Şimdi gelelim birinci mesele dediğim 80 öncesinin, askerde bile görülmeyen katı disiplinli kafa yapısıyla bugünlere gelenlere. (Bu disiplin o günlerde zorla falan değil, bizlerin severek ve gönül coşkusuyla uyduğumuz bir disiplindi ve kadro hareketinin o günkü gereğiydi. Yanlış anlaşılmasın.

Ben yazdığım ilk yazımla neyi ele aldım bir hatırlayalım: MİLLET PARTİSİ’Nİ. Yani beşeri ve siyasi bir teşekkülü, bir tarikat, bir cemaat mensuplarını veya bir şeyhin müritlerini değil. Dolayısıyla da bu siyasi partinin sayın genel başkanını eleştirdim; başkanlığı son bir toparlayıcı ağabeylik yaptıktan sonra bırakması gerektiğini söyledim. Bugün de bu görüşteyim. Sayın Aykut Edibali KÖTÜ BİR SİYASİ PARTİ GENEL BAŞKANIDIR. Partinin 26 yıllık macerası ve bugün geldiği nokta, hiçbir itiraza fırsat vermeyecek şekilde ortadadır. Ayrıntıları önceki yazımda mevcuttur. Bugün il ve ilçelerde yönetim kurulu oluşturmak için göstermelik bile olsa isim bulmakta zorluk çekiyor partide kalan arkadaşlarımız.

Oysa bazı yorum sahipleri bu noktayı hep görmezden geliyorlar. Öyle ki en küçük bir eleştiri bile başkana yöneldiğinde zıplıyorlar. Galiba unutuldu. Biz zamanında Demirel’i, Ecevit’i, Türkeş’i, Erbakan’ı koltuğa yapıştılar, padişahları bile geçtiler diye eleştirirdik. Büyük lokma yemedik ama büyük söz söylemişiz demek ki.

Rıfat Yörük’ün yazısında dâhil (en sivri yazı oydu çünkü) bu sitede yapılan eleştirilere ve eleştirel önerilere ne yazık ki bir mücadeleciye yakışır doluluk ve derinlikte yazılmış bir cevap göremedim dostlar. Çoğu sadece kabarmış duygu ve öfkeleri yansıtan, Sayın Başkanı da nerdeyse hatadan azade tutan veya geçmişin güzelliklerini, hatırını kötü kaynana gibi başa kakan yazılar. Tekrar yazıyorum: Bir siyasi partinin mensupları olarak bu tür cevaplar bize yakışmıyor.

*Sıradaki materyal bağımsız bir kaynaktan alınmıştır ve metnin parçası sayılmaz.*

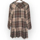 * Knox Rose Shirt Dress Women Size L Brown Plaid V Neck Rayon Button Front Boho * *Good Pre-owned Condition *Please see photos for approximate measurements (in inches), fabric make, washing instructions, and other notable details. *Purchased items are shipped out next business day.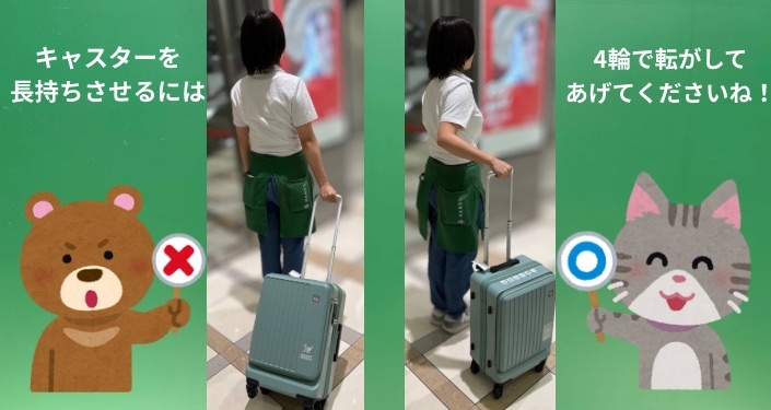 長くスーツケースを使っていただきたいので、ワンポイントアドバイス('ω')ノ4輪のスーツケースは4輪で転がすようにしてください!

Yazının başında dediğim ve bir önceki yazımda da ele aldığım “bizde demokrasi ve kültürü yok” dediğim noktaya tekrar geldik. Çünkü demokrasi katılmadığınız belki de asla onaylamayacağınız fikirlere ve o fikrin sahiplerine tahammül edebilme sanatıdır, rejimidir. Bunun en güzel örneği de hiç şüphesiz Hz. Peygamber’in hayatında ve uygulamalarındadır. Ama biz o güzellikleri bilmemize, etrafımıza telkin etmemize rağmen iş kendimize gelince ne yazık ki saldırıp hakaret etmeyi, taşlamayı mubah sayıyoruz.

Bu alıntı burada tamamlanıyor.